La legge sull’amnistia era l’elemento centrale dell’accordo di governo fra Junts per Catalunya, il partito indipendentista catalano di Puigdemont, e il Partito socialista spagnolo (PSOE). L’accordo era stato fatto lo scorso novembre e aveva portato alla formazione dell’attuale governo, guidato da Sánchez. Era però stato molto criticato, sia da partiti di destra che di sinistra. Prevede la cancellazione della responsabilità penale, amministrativa e contabile per più di 300 leader e attivisti indipendentisti incriminati di vari reati, e anche per 73 poliziotti sotto processo per le eccessive violenze commesse contro i manifestanti indipendentisti nei giorni del referendum del 2017.

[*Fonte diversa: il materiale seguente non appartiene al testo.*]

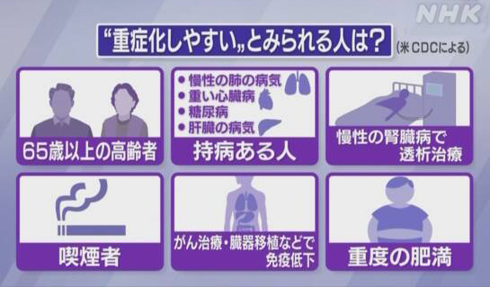 重症化しやすいとみられる人として、アメリカのCDC=疾病対策センターは65歳以上の高齢者に加えて、慢性の肺の病気や、重い心臓病、糖尿病、肝臓の病気などの持病がある人のほか、慢性の腎臓病で透析治療を受けている人、喫煙者やがんの治療や臓器移植などで免疫力が低下している人、それに重度の肥満の人などをあげています。
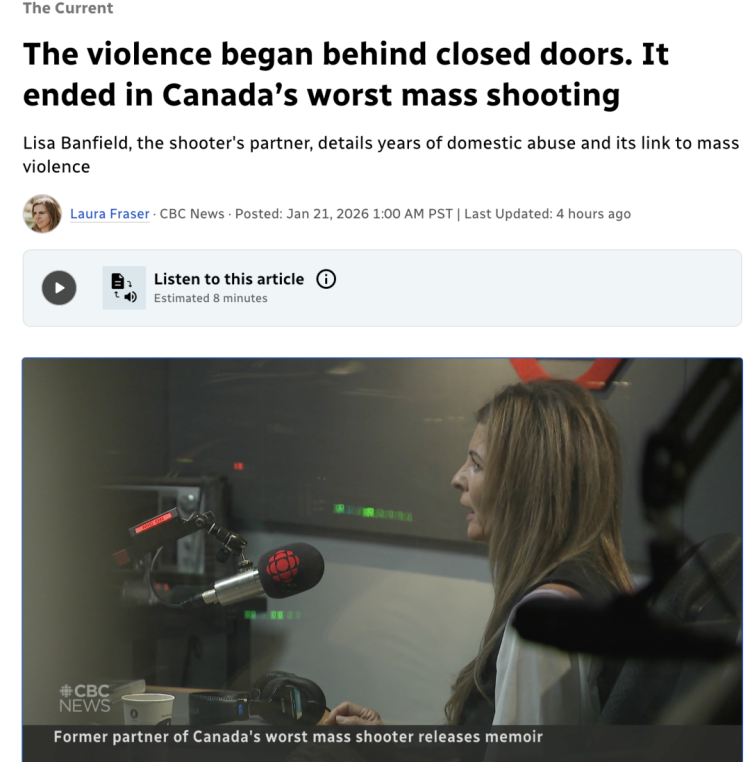 多年间,丽莎·班菲尔德(Lisa Banfield)一直保持沉默,她的声音被交往 19 年的伴侣压制——一个在这段关系大部分时间里对她进行身体和心理虐待的男人,最终在 2020 年 4 月,在加拿大新斯科舍省农村地区 13 小时内杀害了 22 人。
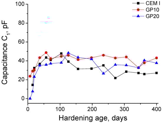 The evolution of capacitance C1 is depicted in Figure 12. This parameter was generally similar for the three kinds of mortars analysed. This capacitance increased quickly at the early stages, although it hardly changed from approximately 80 days. In the short term, the lowest capacitances C1 were noted for GP20 mortars. However, from 120 days the values of this parameter were slightly higher for mortars with glass powder compared to CEM I ones.

Il primo a beneficiarne, a fine giugno, era stato Miquel Buch, un esponente di Junts per Catalunya che fu condannato a quattro anni e mezzo di carcere e a 20 anni di interdizione dai pubblici uffici per aver usato impropriamente fondi pubblici e per aver commesso atti contrari al proprio dovere d’ufficio. Insieme a Buch era stato scagionato anche l’agente Lluís Escolà, un ex membro dei Mossos d’Esquadra, il corpo di polizia regionale catalano, che in precedenza era stato condannato a quattro anni di carcere.
In questo caso l’applicazione dell’amnistia era stata decisa dal Tribunale Superiore della Catalogna (TSJC), il massimo organo di giustizia della comunità autonoma spagnola, e non dal Tribunale Supremo nazionale: il TSJC ha ritenuto che Buch avesse usato impropriamente fondi pubblici non per arricchirsi, ma per facilitare l’ottenimento dell’indipendenza.